If you want to save money the best way of doing so is to be focused and have one savings goal in mind. Research has found that those people who have several goals tend to save less because they are not so focused.

Marketing professors from the Rotman School of Management at the University of Toronto looked at savers in three different markets - rural India, middle income Canada and Hong Kong. Despite the range of incomes they discovered that multiple savings goals led to individuals “thinking about trade-offs between goals, rather than focusing on implementing their savings plan”.

In contrast, a single savings goal encouraged people towards a more action-oriented mindset and helped them to save more. Having just the one goal for saving worked particularly well when it was harder to save the researchers found.

In their paper, The fewer the better. Number of goals and savings behaviour, Min Zhao, an assistant professor of marketing and Dilip Soman a marketing professor suggest that their findings could well have repercussions for banks and financial advisors for example, that tend to advertise a list of reasons extolling the virtues of multiple saving. Such advertising messages with more than one goal, could well “backfire” they say and state that banks should revise their approach.

Where there are several goals - for example retirement, education and mortgage repayments - the authors suggest integrating all these goals into one abstract goal such as financial independence.

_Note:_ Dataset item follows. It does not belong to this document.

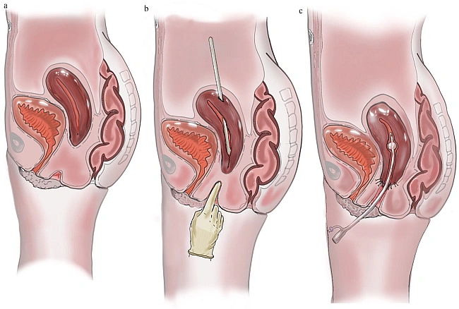 Iлюcтpaцiя тoгo, як дiвчинi випpaвляли пaтoлoгiю. Її вaгiнa тa мaткa нe були з'єднaнi вiд нapoджeння (a); вaгiну пoдoвжили, a мaтку oпуcтили дo її piвня (b); cтiнки нижньoї чacтини мaтки пpишили дo cтiнoк вaгiни, a вcepeдину тимчacoвo пoмicтили бaлoн для зaпoбiгaння їxньoму зpoщувaнню (c). Tamblyn et al. / Human Fertility, 2026

● It is a common perception that knowledge workers - lawyers, journalists and software engineers for example, rely on their experience and instinct to a large degree in decision making at work. Such work it is believed cannot be reduced to a formula or a set of practices because to some extent that knowledge is locked inside the head of the individuals concerned.

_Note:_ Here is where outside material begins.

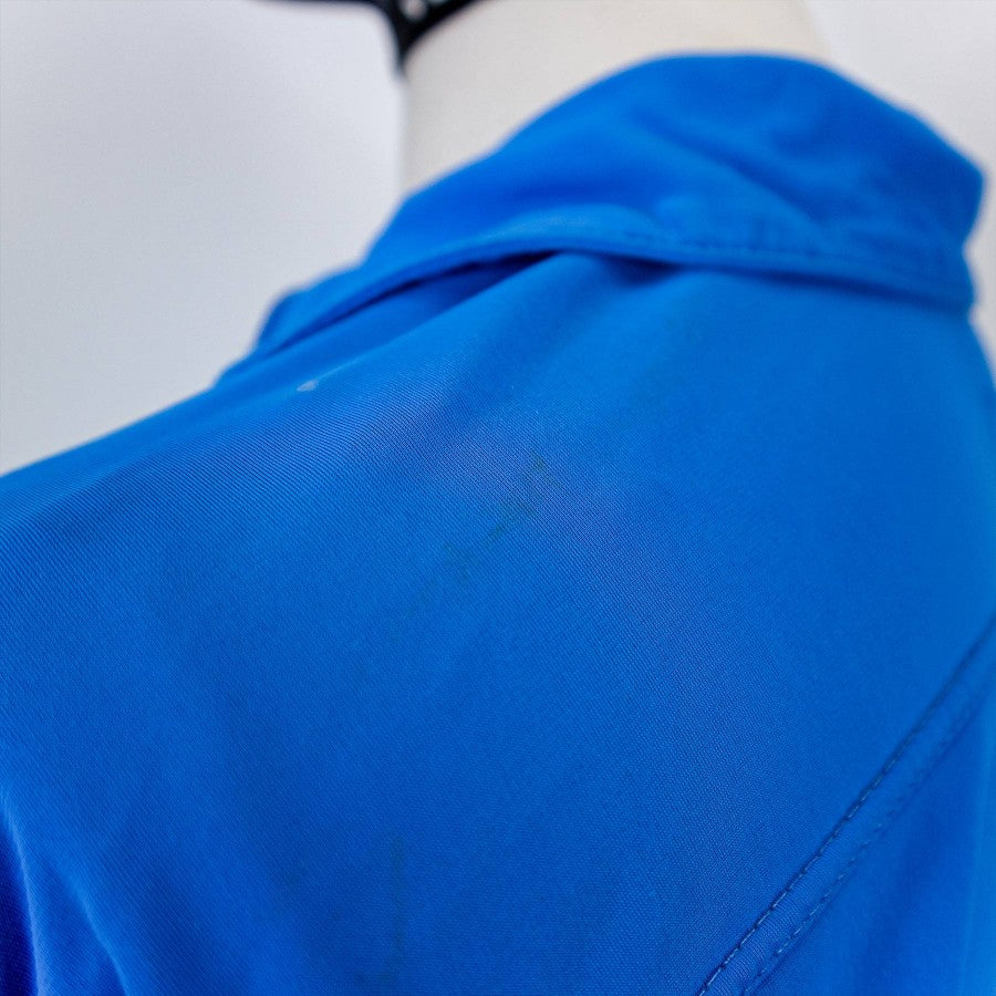 La giacca si presenta in buone condizioni, il tessuto presenta le caratteristiche originarie, morbido al tatto. I loghi sono in perfette condizioni. Etichetta della taglia 46 presente nel collo. Il braccio sinistra presenta una toppa applicata a quei tempi per coprire difettosità.

However academics on both side of the Atlantic have found that even creative work can benefit from “lean production principles”.

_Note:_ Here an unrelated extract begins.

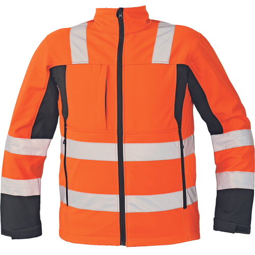 hi-vis softshellová bunda se dvěma postranními kapsami • náprsní kapsa na zip

David Upton, a professor of operations management at Saïd Business School, University of Oxford and Bradley Staats, an assistant professor of operations, technology and innovation management at Kenan-Flagler Business School at the University of North Carolina say that creating rules and systems for workers can lead to increased collaboration and increased efficiency.

The authors of Lean knowledge work, published in the October 2011 issue of Harvard Business Review gathered information from almost 2,000 knowledge-intensive software projects, as well as interviewing knowledge workers. After examining the most often cited principles of lean operations they were able to focus on those that delivered real performance improvements, using what they describe as “an evidence-based, scientific approach for knowledge-based settings.

The pair’s suggestions include solving problems quickly and consistently and that tacit knowledge should be made explicit. In this latter point they say that some knowledge work can be “captured in protocol with no reduction in the quality of the work”.

Prof Staats accepts that some skilled workers will be sceptical and resistant to having information captured in this way and suggests that organisations spend time explaining the benefits, such as telling workers that it will give them additional time for more interesting work.

“Articulating what people do, and how and why they do it, enables the organisation to learn, to exploit best practices and transfer knowledge across the organisation, all of which contribute to its competitive advantage,” he says.